The answer is still d – a. Right?

Now, suppose I re-label with s_{0} = a, s_{1} = b, s_{2} = c and s_{3} = d. We end up with:

(s_{1} – s_{0}) +

(s_{2} – s_{1}) +

(s_{3} – s_{2})

This is actually pretty scalable terminology as you can write s_{r} for any arbitrary value of r. And that’s one of the strengths of algebra: generalisation.

So let’s do that up to n:

(s_{1} – s_{0}) +

(s_{2} – s_{1}) +

…

(s_{n} – s_{n-1})

which is, of course, s_{n} – s_{0}.

But what has that got to do with summing series?

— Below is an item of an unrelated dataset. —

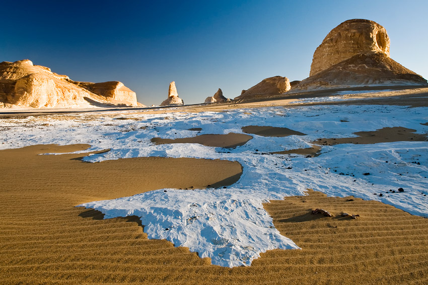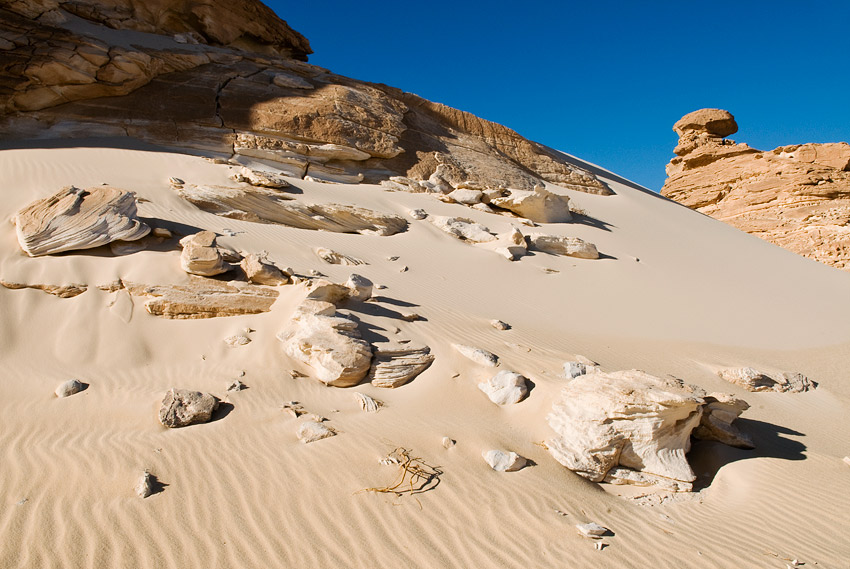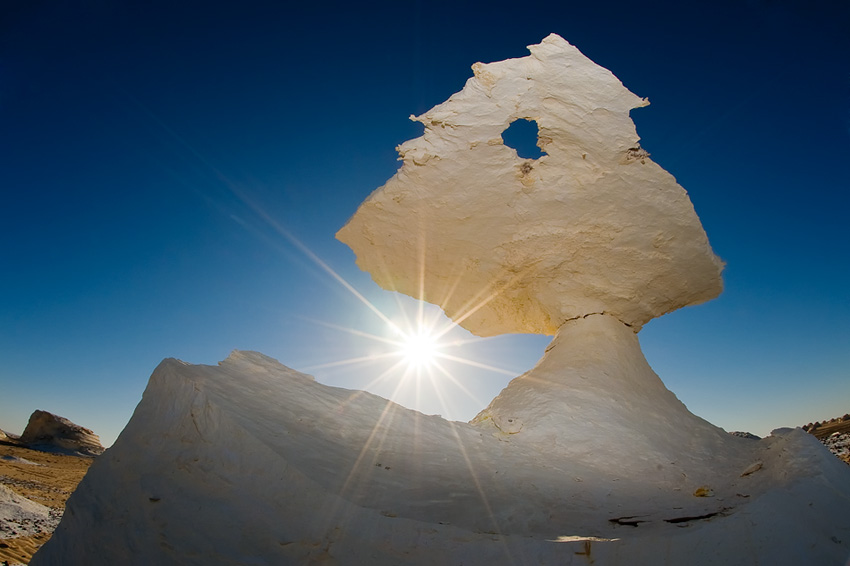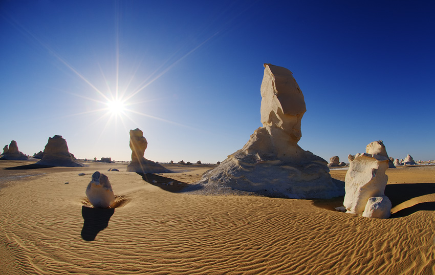 Am nächsten Morgen krochen Silke und ich mit den ersten Sonnenstrahlen aus dem Zelt, schulterten die Fotorucksäcke samt Stativ und machten uns auf die Suche nach noch unberührten Stellen. Was aber ist die Weiße Wüste eigentlich? In der Weißen Wüste hat die Erosion phantastische Kunstwerke geschaffen, indem sie den weicheren Stein um einen härteren Kern durch jahrmillionenlanges Sandstrahlen entfernte. Das riesige Areal ist mit Kalksteingebilden übersät, in denen auch phantasielose Leute die tollsten Märchengestalten entdecken können. Es ist einfach wunderschön durch diese Kunstausstellung der Natur zu wandern und diese skurrile Welt zu bewundern, in der die Erosion einfach so Säulen, Pilze und Skulpturen in eine weite Ebene stellt oder den kaltweißen Kalkboden wie Schneewehen oder als „stürmische See“ gleichsam erstarren ließ.

If we can replace each (s_{r} – s_{r-1}) by a single term u_{r} you may see the relevance…

u_{1} + u_{2} + … + u_{n} = s_{n} – s_{0}.

The series summation boils down to a "simple" subtraction. The trick is to find these s terms, given the u terms. Let’s try it with an example.

### Summing The Integers

This is the series 1, 2, 3, … , n.

The r’th u term is just r. u_{r} = r. So we now have to find the s_{r} term. Remember s_{r} – s_{r-1} has to equal r.

Try s_{r} = r (r + 1).

Then s_{r-1} = (r – 1) r or r (r – 1).

So s_{r} – s_{r-1} = [(r + 1) – (r – 1)] r or 2r. Not quite what we wanted. But we know – dividing by the factor of 2 – we should’ve guessed s_{r} = ½ r (r + 1).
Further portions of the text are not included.